May 25

Much Ado About Nothing by The Shakespeare Company is quite something

by Jenna Shummoogum · 0 comments

For any production of Much Ado About Nothing to be successful, the audience has to be rooting for Beatrice and Benedick. They have to be taken by the couple’s charm and buy into their chemistry. This is something that The Shakespeare Company and Hit & Myth Productions does well with their production of William Shakespeare’s Much Ado About Nothing, starring Myla Southward as Beatrice and Tyrell Crews as Benedick. Throw in talented cast members, a bright stage design and some creative twists along the way and you have a successful rendition of the Bard’s comedy.

The play tells of Don Pedro (Joel Cochrane) who is returning from a successful battle and is invited to stay at Leonato’s (Declan O’Reilly) place for the next couple months. He brings with him Count Claudio (Mihai Dan) and Benedick. Upon seeing Hero (Natasha Strickey) Leonato’s daughter, Claudio announces his intention to court her. Benedick wishes his friend well but vows to never marry, to which his companions are skeptical.
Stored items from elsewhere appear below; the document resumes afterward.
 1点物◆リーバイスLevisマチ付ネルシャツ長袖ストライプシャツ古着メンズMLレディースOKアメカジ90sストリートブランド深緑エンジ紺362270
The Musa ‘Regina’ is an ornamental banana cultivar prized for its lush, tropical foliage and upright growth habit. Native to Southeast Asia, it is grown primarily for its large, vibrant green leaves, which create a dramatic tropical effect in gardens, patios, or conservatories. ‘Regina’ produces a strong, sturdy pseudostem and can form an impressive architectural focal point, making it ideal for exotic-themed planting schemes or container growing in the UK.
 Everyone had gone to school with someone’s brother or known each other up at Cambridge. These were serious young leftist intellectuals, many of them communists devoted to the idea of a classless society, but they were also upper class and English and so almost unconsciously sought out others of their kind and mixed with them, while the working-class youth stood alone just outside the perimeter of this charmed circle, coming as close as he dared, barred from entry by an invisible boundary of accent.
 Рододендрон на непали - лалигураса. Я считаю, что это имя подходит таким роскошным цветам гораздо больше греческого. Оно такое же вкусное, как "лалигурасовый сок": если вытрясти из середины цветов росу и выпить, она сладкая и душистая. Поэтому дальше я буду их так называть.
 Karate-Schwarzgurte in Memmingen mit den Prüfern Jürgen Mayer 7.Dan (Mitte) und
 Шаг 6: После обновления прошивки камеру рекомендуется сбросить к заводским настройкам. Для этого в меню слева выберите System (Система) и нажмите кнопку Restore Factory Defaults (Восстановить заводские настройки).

Don Pedro’s brother Don John (Conrad Belau) has other plans for the couple and develops a scheme to disgrace Hero. He recruits Borachio (Roger LeBlanc) to put his plan into action. The cast also includes the hilarious Dogberry (Trevor Rueger), musical Margaret (Jesse Lynn Northan), the fierce Antonia (Deborah Ferguson), Ursula (Meg Fahall), Friar Francis (Myron Dearden) and Armin Karame as the Watch and Messenger.

The open set design in the round at the Studio at Vertigo Theatre allows for a creative playfulness in the production, especially in the scenes where Beatrice and Benedick are convinced of the other’s love. Patrick Du Wors’ set and lighting design gives the production a bit of breathing space to allow characters to lurk in the shadows. Rebecca Toon’s costume design is flattering and especially of note are the colours used in the clothing for the masquerade.
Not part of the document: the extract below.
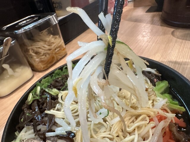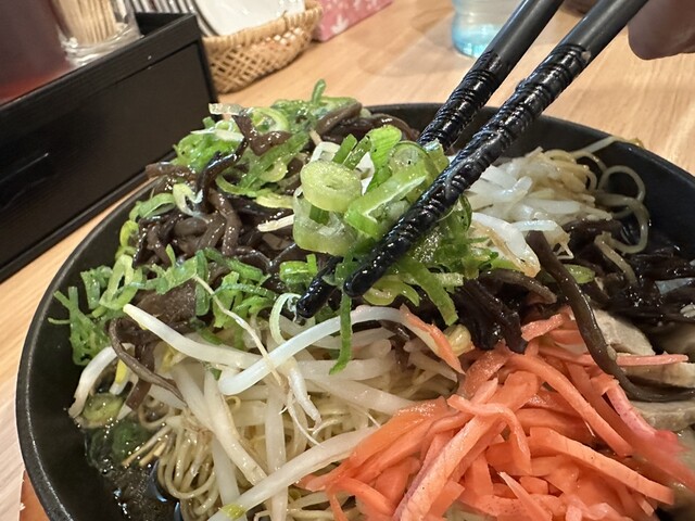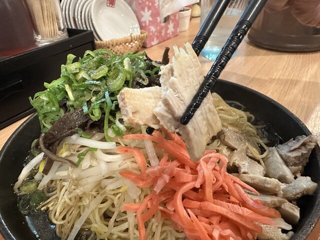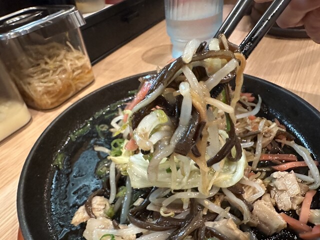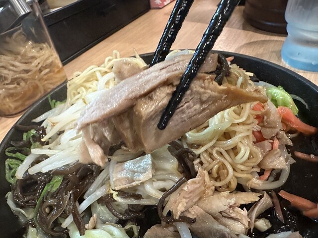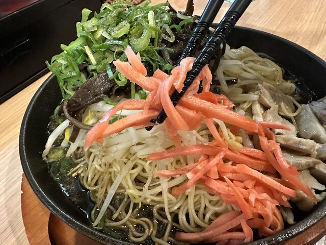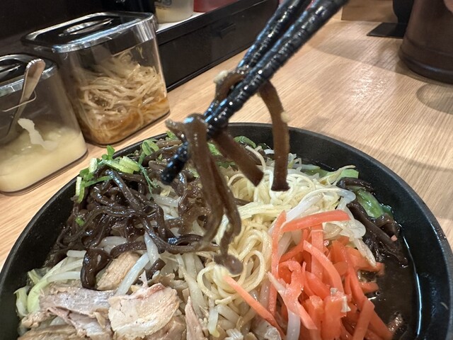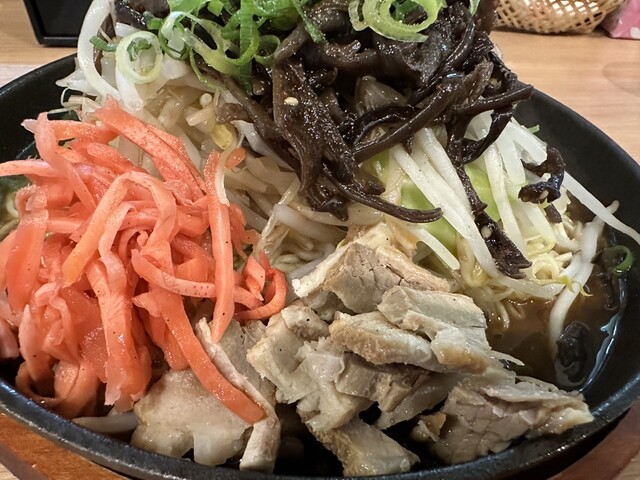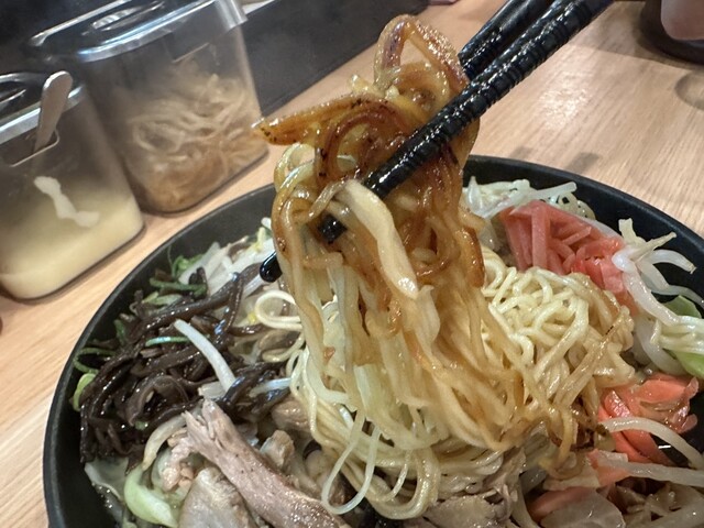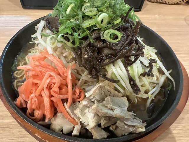 【2025.6.16(月)】鉄板焼きラーメン(並盛・100g)950円の野菜と木耳

Director Jan Alexandra Smith has made some interesting decisions in the production. She has the conversation between Benedick and Beatrice be completely serious when Hero is disgraced and it makes for a different kind of poignancy. She also has Leonato’s anger at his daughter be quite dangerous, walking that line that this play does, between comedy and tragedy.
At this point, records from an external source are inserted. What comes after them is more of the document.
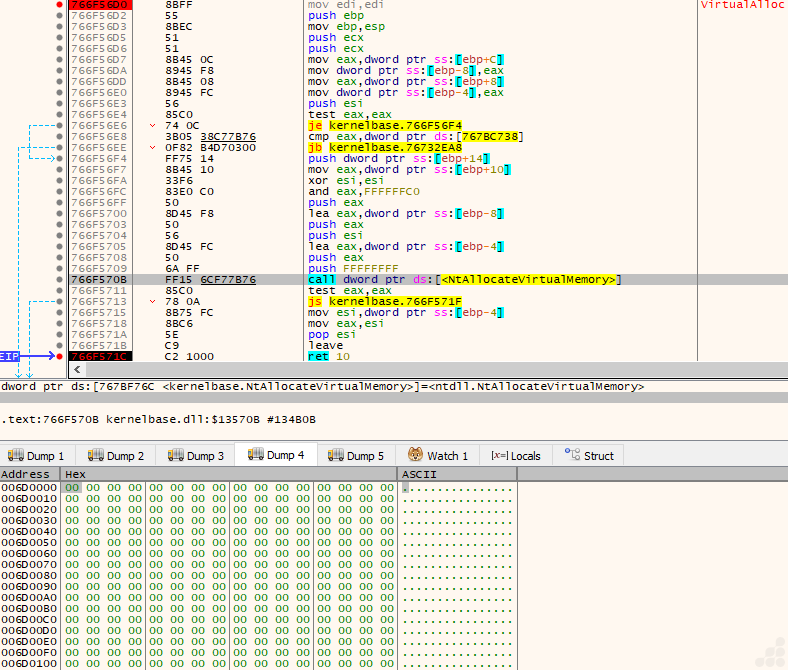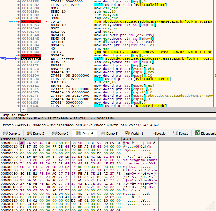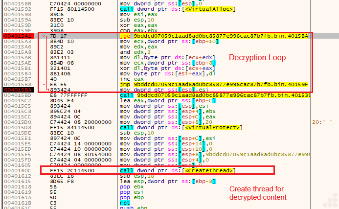 “Basically, during execution, the loader allocates virtual memory, decrypts the next stage into it, adjusts memory protections by changing the protection to PAGE_EXECUTE_READ, and creates a thread to execute the decrypted code.” (as depicted in Figure 7)
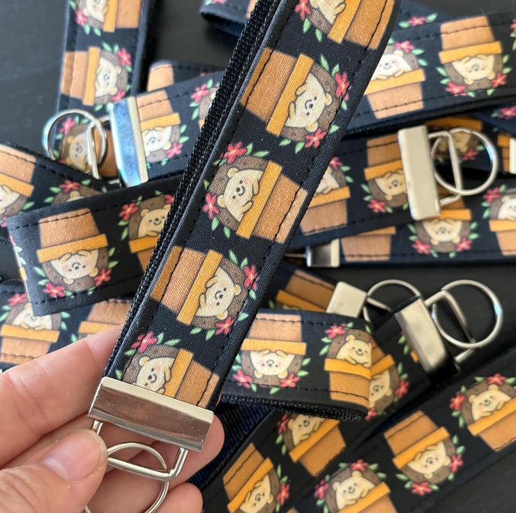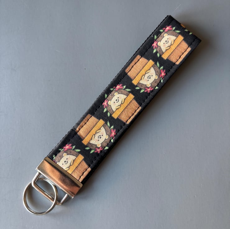 You're going to huff with excitement when these adorable hedgehog wristlet wristlets arrive. The hedgehog pattern is on the front with black strap on the inside. The wristlet is made from quality cotton fabric, strengthened with interfacing and sewn to thick strapping making it very durable for every day use.
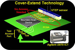 Cette technologie permet de réduire un pourcentage important des accès à la carte. Il évite de mettre des points de test aux broches du composant testé lors du test structurel Vtep (mesure de capacité).
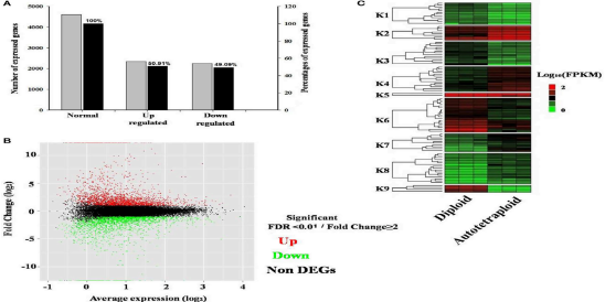 40927個(gè)基因中,4601個(gè)基因是差異表達(dá)的(圖3A),2343個(gè)上調(diào),2259個(gè)下調(diào)(圖3B),兩組間DEGs占比較少((11.24%)。隨機(jī)挑選DEGs進(jìn)行層次聚類(lèi),分析表達(dá)模式(圖3C),發(fā)現(xiàn)四倍體中K1、K3、K6、K9類(lèi)別下調(diào),K2、K4、K5、K7,K8類(lèi)別顯著上調(diào)。

There are sparks and a current of desire that exists in Shakespeare’s script and also in the chemistry between Benedick and Beatrice. The sparring between this duo is a lot of fun to watch. Stickey’s Hero is equally as innocent and pure, while Rueger’s Dogberry is quirky in his hilarity.

This production of Much Ado About Nothing is merriment and joy.

The Shakespeare Company and Hit & Myth Productions’ presentation of Much Ado About Nothing runs until June 2nd. More information is available online.